• _EXERCISE INPUT_
• • • • •

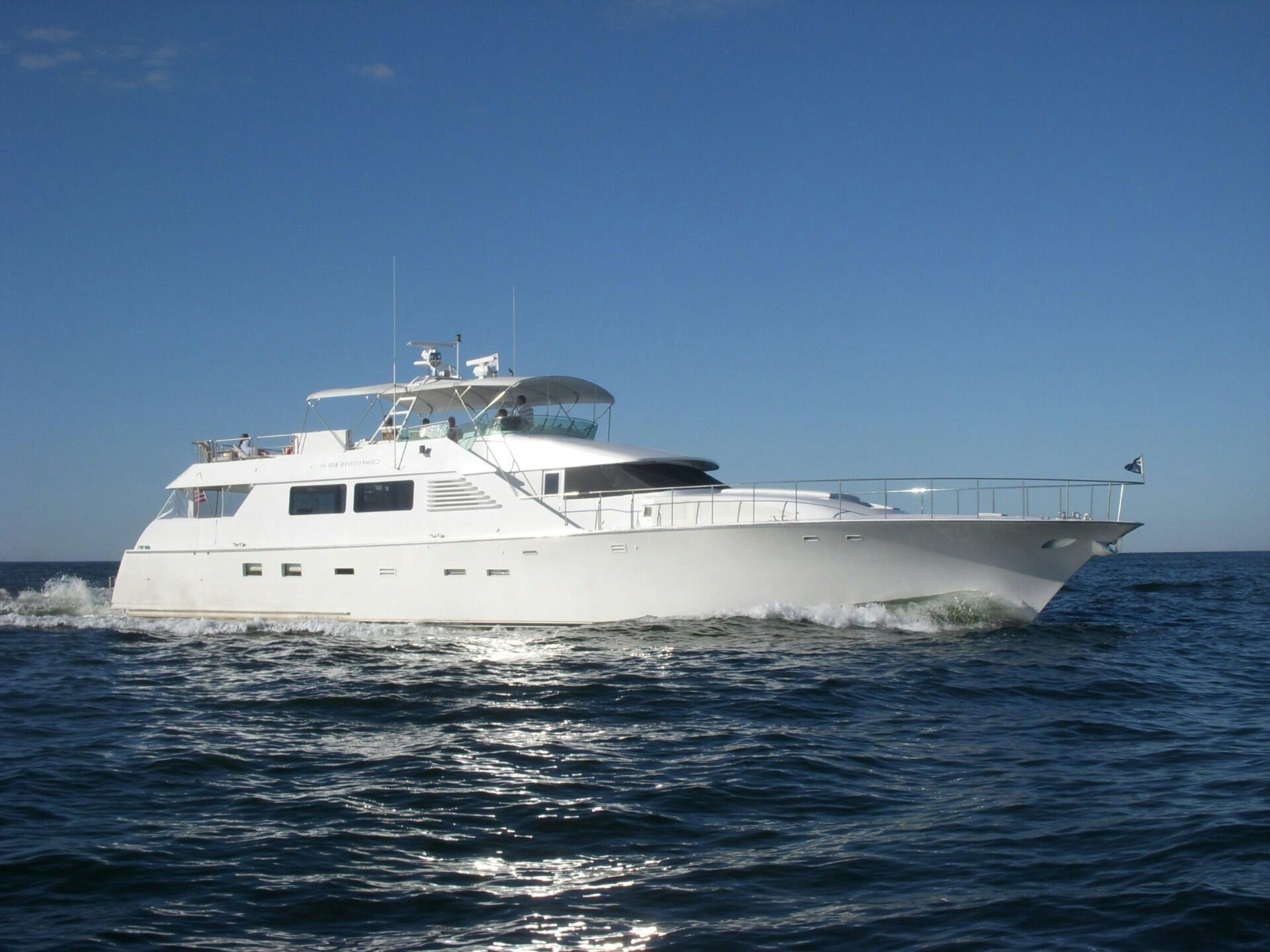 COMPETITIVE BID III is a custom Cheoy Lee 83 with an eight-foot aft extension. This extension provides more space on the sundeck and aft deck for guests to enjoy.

• • • • •

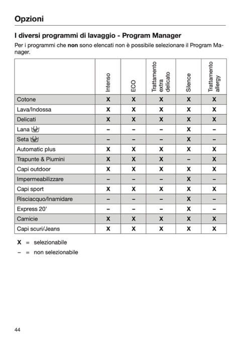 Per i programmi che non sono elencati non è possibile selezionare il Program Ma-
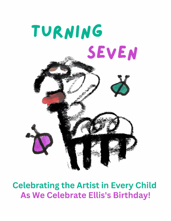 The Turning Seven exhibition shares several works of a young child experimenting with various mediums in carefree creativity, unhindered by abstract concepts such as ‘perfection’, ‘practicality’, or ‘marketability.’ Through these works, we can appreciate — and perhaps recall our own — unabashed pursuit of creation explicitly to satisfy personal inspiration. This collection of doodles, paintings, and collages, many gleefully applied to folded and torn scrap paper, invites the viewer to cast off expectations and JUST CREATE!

• • • • •

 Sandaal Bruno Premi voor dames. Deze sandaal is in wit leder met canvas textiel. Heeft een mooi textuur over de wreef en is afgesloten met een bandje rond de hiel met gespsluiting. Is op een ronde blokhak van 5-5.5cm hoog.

• • • • •

Starting at the line above that has "Per i programmi" and ending at the line that has "The Turning Seven", copy each line exactly, leaving the pictures out and adding nothing.

• _REPLY_
 Per i programmi che non sono elencati non è possibile selezionare il Program Ma-
 The Turning Seven exhibition shares several works of a young child experimenting with various mediums in carefree creativity, unhindered by abstract concepts such as ‘perfection’, ‘practicality’, or ‘marketability.’ Through these works, we can appreciate — and perhaps recall our own — unabashed pursuit of creation explicitly to satisfy personal inspiration. This collection of doodles, paintings, and collages, many gleefully applied to folded and torn scrap paper, invites the viewer to cast off expectations and JUST CREATE!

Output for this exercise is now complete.